Nun gilt es, die bisherigen Erkenntnisse umzusetzen: In Kleingruppen wird eine eigene Zeitung erstellt. Die Aufgabe bietet Freiraum und verlangt vielfältige Fähigkeiten. Es ist eine Einladung an all die Talente und Interessen, die oft verborgen bleiben und jetzt zum Vorschein kommen. Es muss entschieden werden, an welche Leserschaft sich die Zeitung richtet, danach wird ein Name gesucht. Da dies eine 11. Klasse ist, gilt die Richtlinie, dass die dargestellten Inhalte wahr sein sollen oder zumindest so passieren könnten.

Es ist bereichernd zu erleben, wie motiviert und engagiert sich alle, auch die sonst eher schwächeren Schüler, an die Arbeit machen, wenn sie selber Inhalt und Form gestalten dürfen – selbst wenn der Rahmen »Zeitung« vorgegeben ist. Man mag einwenden, dass die Lehrerin dann ja nicht kontrollieren könne, ob im Team auch wirklich Englisch gesprochen wird, und ob die Texte nicht aus dem Internet kopiert werden. Kontrollieren kann sie das nicht, aber sie kann einen Raum schaffen, in dem sich junge Menschen mit Interesse und Freude in unterschiedlicher Weise mit der englischen Sprache beschäftigen.

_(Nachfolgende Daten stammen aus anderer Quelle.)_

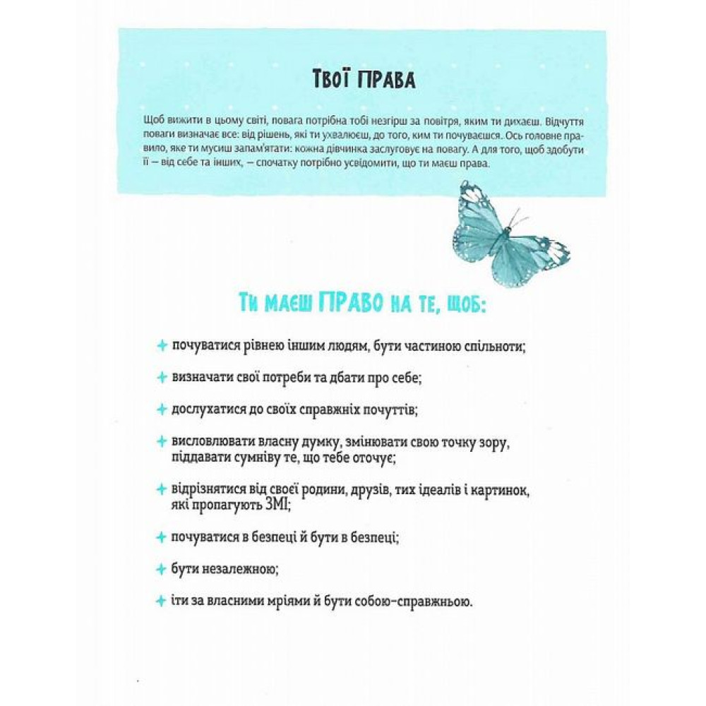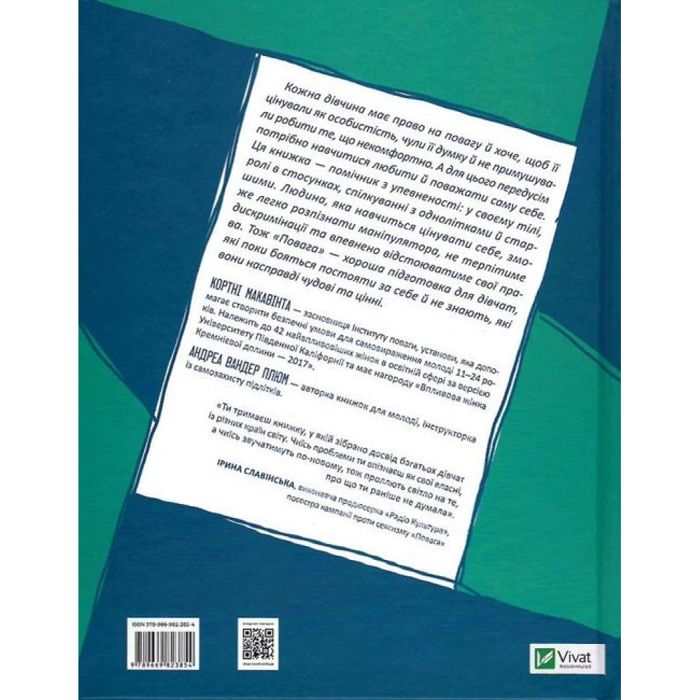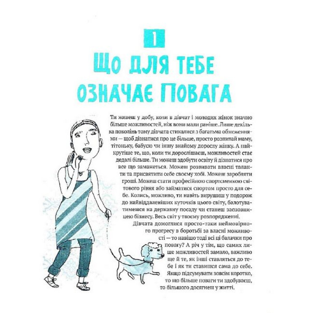 Кожна дівчина має право на повагу й хоче, щоб її цінували як особистість, чули її думку й не примушували роботи те, що некомфортно. А для цього передусім потрібно навчитися любити й поважати саму себе. Ця книжка — помічник з упевненості в собі: у своєму тілі, ролі у стосунках, спілкуванні з однолітками й старшими. Людина, яка навчиться цінувати себе, зможе легко розпізнати маніпулятора, не терпітиме дискримінації та впевнено відстоюватиме свої права. Тож «Повага» — хороша підготовка для дівчат, які поки бояться постояти за себе й не знають, які вони насправді чудові й цінні.

Nach etlichen Stunden werden entweder mit Schere und Klebestift oder am Computer die Zeitungen fertiggestellt und voller Stolz in der Klasse präsentiert. Bei der nächsten Monatsfeier werden sie im Foyer zur Ansicht ausliegen.

Die »Media«-Epoche setzte sich in einer »Film-Epoche« fort, in der einige Schüler ihr Interesse am Film entdeckten und beeindruckende Kurzfilme produzierten.

Nicht nur all die mit Freude präsentierten Ergebnisse zeugen davon, dass diese Arbeit lohnenswert ist, sondern auch die Schülerin, die am Ende sagt: »Ich dachte, das wäre total langweilig, weil ich das schon alles kenne, aber jetzt sehe ich Filme und Zeitungen mit ganz anderen Augen.«

Zur Autorin: Ulrike Sievers ist Englischlehrerin an der Freien Waldorfschule Elmshorn.